ELYRIA — The Elyria Building Department has conducted a special inspection of the old Lorain County Courthouse at the request of the county’s judges, much to the consternation of the county commissioners, who hold ownership of the building.
The Aug. 1 request asked the city to conduct the inspection because of “concern over water, mold, rodent infestation, structural integrity, etc.”
“The judges ordering Tim Lubbe to call the Elyria Building Department is kind of overreaching,” Commissioner Ted Kalo said.
The inspection cost the court $144.20 and had to be paid before the city would undertake the inspection, according to General Division Court Administrator Tim Lubbe, who defended the request.
“Just because the county is a form of government doesn’t mean they are not subject to regulation by other entities,” Lubbe said.
The building, constructed in 1881, currently houses a portion of the county’s Adult Probation Department and the county’s crime lab, both of which are overseen by the judges.
During a heated exchange at Wednesday’s commissioners’ meeting with county Administrator Jim Cordes, Lubbe said he and other court employees have made numerous requests for repairs and cleaning to take place in the old courthouse in recent years, most of which have been ignored.
Cordes complained that Lubbe asked the city for the inspection and didn’t inform the commissioners.
“We don’t have to call you,” Lubbe responded.
Cordes also accused Lubbe of overstepping.
“You don’t have authority over that building,” he said.
According to the city’s undated special inspection report, city workers found ceiling leaks, missing baseboard trim, missing ceiling tiles, leaking toilets, insects, peeling paint, mold under floor covering and other problems.
“The building while old is in relatively decent shape for its age,” the unsigned report said. “Other than some water damage evidence there was no visible sighting of mold or rodents.”
The largest concern, according to the report, was windows with broken latches or torn screens that could allow rodents to get inside.
“Most of the observed items are or could be repaired by experienced maintenance personnel,” the report concluded.
Lubbe said he doesn’t believe the report addresses all of the concerns brought up during the inspection.
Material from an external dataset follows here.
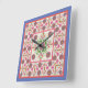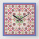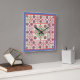 Reloj de pared acrílico cuadrado de bonito, con un borde floral decorativo basado en un patrón Rangoli, sobre un fondo crudo. Parte de la colección Posh & Painterly 'Rangoli'.
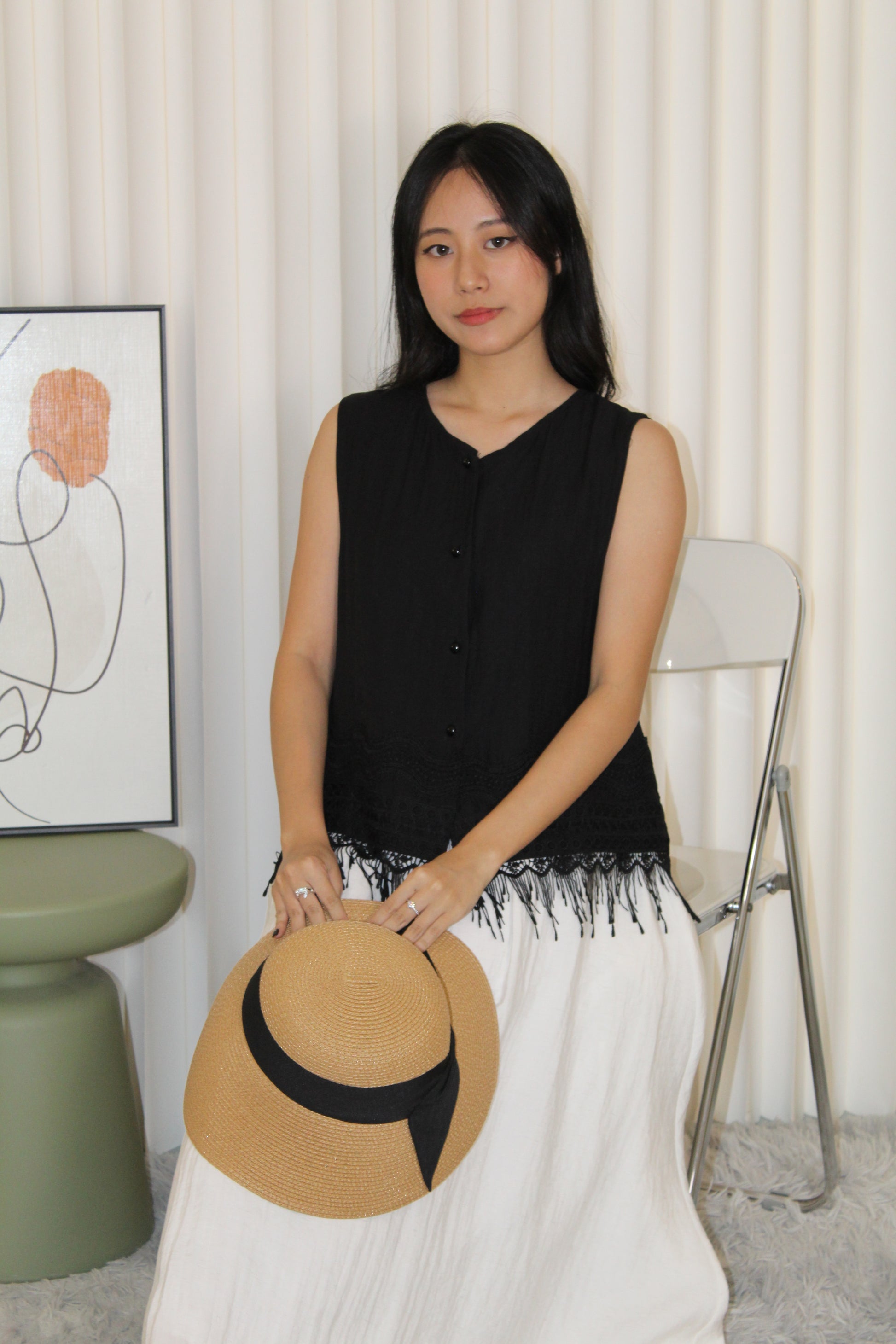 Canny Frayed Lace Vest Top (Cream)

City building officials did not respond to requests for comment Wednesday.
Lubbe said after the meeting that he was following the orders of the county’s six General Division judges when he contacted the Building Department about issues his bosses felt weren’t being addressed.
“The court is not the county,” he said. “We’re the occupants of that building.”
Cordes said that Lubbe and his employees have sent requests for minor issues, including tack-holes in walls and asked to have the floors in one area of the building cleaned.
He said the county has had to cut its maintenance and housekeeping staff to deal with budget shortfalls and repairs have to be prioritized. The judges, Cordes said, haven’t endured the same level of cuts because they’ve ordered their budget in recent years.
Many of the things Lubbe is asking for probably will never get done, Cordes said.
“Just because Lubbe thinks it’s an issue of concern, doesn’t mean it needs to be addressed,” he said.
Cordes and Lubbe also clashed over Lubbe’s request to have Karen Davis, the county’s special projects director, evaluate whether another portion of the courthouse could be used to house the presentence report investigators who are employed by the Probation Department but work out of the old Columbia Gas building on Third Street.
Commissioner Tom Williams said he believes the problem is that county Maintenance Director Dennis Shawver, who he frequently criticizes, is in over his head and can’t keep up with the workload. Shawver should be keeping on top of the issues and telling county workers the status of their maintenance requests, he said.
Lubbe said part of his problem is that he simply doesn’t know what happens to his requests, which he described as vanishing into a “black hole.”
“I couldn’t care less if they’re not going to clean the floors,” he said. “The issue is if you’re not going to clean the floors, tell us that.”
Commissioner Lori Kokoski said the county doesn’t have the money right now, but she would like to see it restored eventually.
“It looks good on the outside,” she said. “Eventually we’ll get to the inside.”